----- Given data -----
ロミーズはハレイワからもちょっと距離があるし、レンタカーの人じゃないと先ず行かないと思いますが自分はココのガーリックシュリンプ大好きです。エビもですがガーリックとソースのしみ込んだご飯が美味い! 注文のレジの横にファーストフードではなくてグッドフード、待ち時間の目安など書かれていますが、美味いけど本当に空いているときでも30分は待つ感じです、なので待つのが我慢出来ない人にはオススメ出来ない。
-----
----- Given data -----
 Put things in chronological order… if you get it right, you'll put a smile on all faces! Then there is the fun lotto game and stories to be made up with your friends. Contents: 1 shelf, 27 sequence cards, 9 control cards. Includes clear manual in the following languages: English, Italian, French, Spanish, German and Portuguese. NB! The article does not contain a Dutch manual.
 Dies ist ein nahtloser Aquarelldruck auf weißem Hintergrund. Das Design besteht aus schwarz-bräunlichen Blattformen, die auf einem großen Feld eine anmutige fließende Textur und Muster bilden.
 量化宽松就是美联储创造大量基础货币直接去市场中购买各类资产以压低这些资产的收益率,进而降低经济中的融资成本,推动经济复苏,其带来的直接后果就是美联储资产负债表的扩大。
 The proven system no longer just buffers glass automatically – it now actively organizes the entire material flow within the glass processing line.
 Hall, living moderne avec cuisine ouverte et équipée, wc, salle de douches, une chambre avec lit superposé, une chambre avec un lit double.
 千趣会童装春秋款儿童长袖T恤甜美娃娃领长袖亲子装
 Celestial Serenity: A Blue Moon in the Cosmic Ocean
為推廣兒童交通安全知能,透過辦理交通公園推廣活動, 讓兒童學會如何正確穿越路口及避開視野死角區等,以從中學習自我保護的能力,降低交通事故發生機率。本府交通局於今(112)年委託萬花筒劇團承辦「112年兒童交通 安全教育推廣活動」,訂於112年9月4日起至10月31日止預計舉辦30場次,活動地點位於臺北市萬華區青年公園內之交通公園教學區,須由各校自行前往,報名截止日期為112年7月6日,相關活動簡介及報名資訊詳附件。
-----
§ **Task prompt**:
The range runs from the line with "Hall, living moderne" up to and including the line with "Celestial Serenity: A" in the listing above; please write out exactly those lines and nothing more.

§ **Answer space**:
 Hall, living moderne avec cuisine ouverte et équipée, wc, salle de douches, une chambre avec lit superposé, une chambre avec un lit double.
 千趣会童装春秋款儿童长袖T恤甜美娃娃领长袖亲子装
 Celestial Serenity: A Blue Moon in the Cosmic Ocean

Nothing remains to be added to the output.